Archive and container files

Archive and container files can be used to bypass content filtering processes if the content filter does not handle the file type and embedded content correctly. Ensuring the content filtering process recognises archived and container files will ensure the embedded files they contain are subject to the same content filtering measures as un-archived files.

Archive files can be constructed in a manner which can pose a denial of service security risk due to processor, memory or disk space exhaustion. To limit the likelihood of such an attack, content filters can specify resource constraints/quotas while extracting these files. If these constraints are exceeded the inspection is terminated, the content blocked and a security administrator alerted.

Security Control: 1289; Revision: 1; Updated: Sep-18; Applicability: O, P, S, TS
The contents from archive/container files are extracted and subjected to content filter checks.

Security Control: 1290; Revision: 1; Updated: Sep-18; Applicability: O, P, S, TS
Controlled inspection of archive/container files is performed to ensure that content filter performance or availability is not adversely affected.

Security Control: 1291; Revision: 1; Updated: Sep-18; Applicability: O, P, S, TS
Files that cannot be inspected are blocked and generate an alert or notification.

Allowing access to specific content types

Creating and enforcing a list of allowed content types, based on business requirements and the results of a risk assessment, is a strong content filtering method that can reduce the attack surface of a system. As a simple example, an email content filter might only allow Microsoft Office documents and PDF files.

Security Control: 0649; Revision: 7; Updated: Apr-20; Applicability: O, P, S, TS
A list of allowed content types is implemented.

Data integrity

Ensuring the authenticity and integrity of content reaching a security domain is a key component in ensuring its trustworthiness. It is also essential that content that has been authorised for release from a security domain is not modified (e.g. by the addition or substitution of information). If content passing through a filter contains a form of integrity protection, such as a digital signature, the content filter needs to verify the content’s integrity before allowing it through. If the content fails these integrity checks it may have been spoofed or tampered with and should be dropped.

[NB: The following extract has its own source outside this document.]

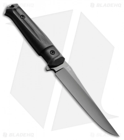 The long slender blade of the Kizlyar Supreme Croc fixed blade knife is perfect for close quarters combat. Made of D2 tool steel and hardened to 60-63 RC, you can expect excellent toughness and edge retention. The addition of a small but functional finger guard adds extra safety. A comfortable black Kraton handle allows for a variety of hand positions. Included is a MOLLE compatible black nylon sheath with locking mechanism. This one has a black finished blade.

Examples of data integrity checks include:

  • an email server or content filter verifying an email protected by DomainKeys Identified Mail
  • a web service verifying the XML digital signature contained within a Simple Object Access Protocol request
  • validating a file against a separately supplied hash
  • checking that data to be exported from a security domain has been digitally signed by a release authority.

Security Control: 1292; Revision: 1; Updated: Sep-18; Applicability: O, P, S, TS
The integrity of content is verified where applicable and blocked if verification fails.

Security Control: 0677; Revision: 4; Updated: Sep-18; Applicability: S, TS
If data is signed, the signature is validated before the data is exported.

Encrypted data

Encryption can be used to bypass content filtering if encrypted content cannot be subject to the same checks performed on unencrypted content. Organisations should consider the need to decrypt content, depending on the security domain they are communicating with and depending on whether the need-to-know principle needs to be enforced.

Choosing not to decrypt content poses a security risk that malicious code’s encrypted communications and data could move between security domains. In addition, encryption could mask information at a higher classification being allowed to pass to a security domain of lower classification, which could result in a data spill.

Where a business need to preserve the confidentiality of encrypted data exists, an organisation may consider a dedicated system to allow encrypted content through external, boundary or perimeter controls to be decrypted in an appropriately secure environment, in which case the content should be subject to all applicable content filtering controls after it has been decrypted.

Security Control: 1293; Revision: 1; Updated: Sep-18; Applicability: O, P, S, TS
All encrypted content, traffic and data is decrypted and inspected to allow content filtering.